Recently released labour force data indicates that people born in North Africa and the Middle East have unemployment rates of 33.5% during the first five years of settlement in Australia.
Settling well in Australia often takes time for people from migrant backgrounds. The first few years can involve significant personal, social and economic transition. Refugees, in particular, can face challenges in dealing with the trauma of forced displacement.
Discrimination based on race in the Australian labour market is also real, as evidenced by study after study. A ‘visible difference’ (such as skin colour or religious attire) can negatively affect candidates’ chances for a job.
Not surprisingly, then, recent arrivals from North Africa and the Middle East have low labour force participation rates during early settlement – just 38.2% for those who arrived within the last five years. But this rises rapidly to 54.6% for those who arrived 5-9 years ago. By the time they have been in Australia 15-19 years, labour force participation (66.2%) approaches the overall rate in Australia (67.9%).
The chart below shows that unemployment rates for migrants from North Africa and the Middle East also falls dramatically over time.

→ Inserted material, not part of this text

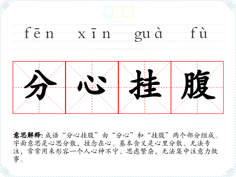 成语“分心挂腹”由“分心”和“挂腹”两个部分组成。字面意思是心思分散,挂念在心。基本含义是心里分散、无法专注,常常用来形容一个人心神不宁、思虑繁杂,无法集中注意力做事。
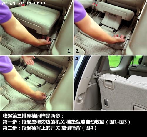 在打開第三排座椅的情況下,普拉多后備廂的儲物空間已經近乎于零了,所以滿載7人之后,應該趕快把第三排座椅收回去,不會?請看上圖。收起第三排座椅同樣是兩步,先摳起座椅旁邊的機關,椅墊就可以自動收回了,然后再摳起椅背上的開關,放倒椅背就可以恢復如初了。

Those who have been in Australia 15-19 years had an unemployment rate of 4.8% in December 2016, which was lower than both the rate for people born in Australia (5.5%) and the current overall unemployment rate (5.7%) of the country.
Time makes a big difference for new migrants to Australia. It takes several years to build English language competency and meaningful engagement with education and employment.
Up to 2,000 hours of training may be needed for people with no prior background to learn English. After completing 500 hours of free language tuition in Australia, only 7% of migrants achieve a level of English which satisfies basic social and work needs.
It’s often not until the second generation that the biggest “demographic dividends” from refugee resettlement are realised. The children of refugees commonly have higher levels of labour force participation and educational attainment than other migrants and even the rest of the Australian-born population.
To find and secure a job, migrants also need time to develop knowledge about the Australian labour market and how recruitment works. This employment know-how is usually acquired through formal and informal contacts. Because migrants typically rely on ethnic or diaspora networks, which have weak ties to the mainstream, developing contacts which can positively impact job opportunities is a longer-term project.
Unemployed migrants are not necessarily on the dole
High unemployment rates among particular migrant groups doesn’t necessarily mean that they are disproportionately drawing on public resources.
Participation in the labour force can be affected by caring responsibilities, educational status and age, among other things. Centrelink payment eligibility also varies across visa subclasses.
When someone responds to the labour force survey indicating they are “unemployed and looking for work” it doesn’t mean they are receiving a Centrelink payment. Unemployment rates drawn from this data are different from Department of Social Services administrative data on people receiving income support.
Reducing the lag between migrant arrival and economic integration
Having a job is not just a good thing for migrants – Australia needs migrant employment to stimulate economic growth. The Australian Government’s intergenerational reports and the Productivity Commission have called this the “3Ps” – population, participation and productivity. With an ageing population, migration is needed to boost Australia’s labour supply and contribute to innovation.
Making the labour market more inclusive of people from all cultural backgrounds will help to reduce recruitment and workplace barriers for migrants.
As current research has shown, this requires an appropriate mix of enabling policies, tailored jobseeker support and engagement with employers. Such measures are critical for Australia to continue to realise the social and economic benefits of migration.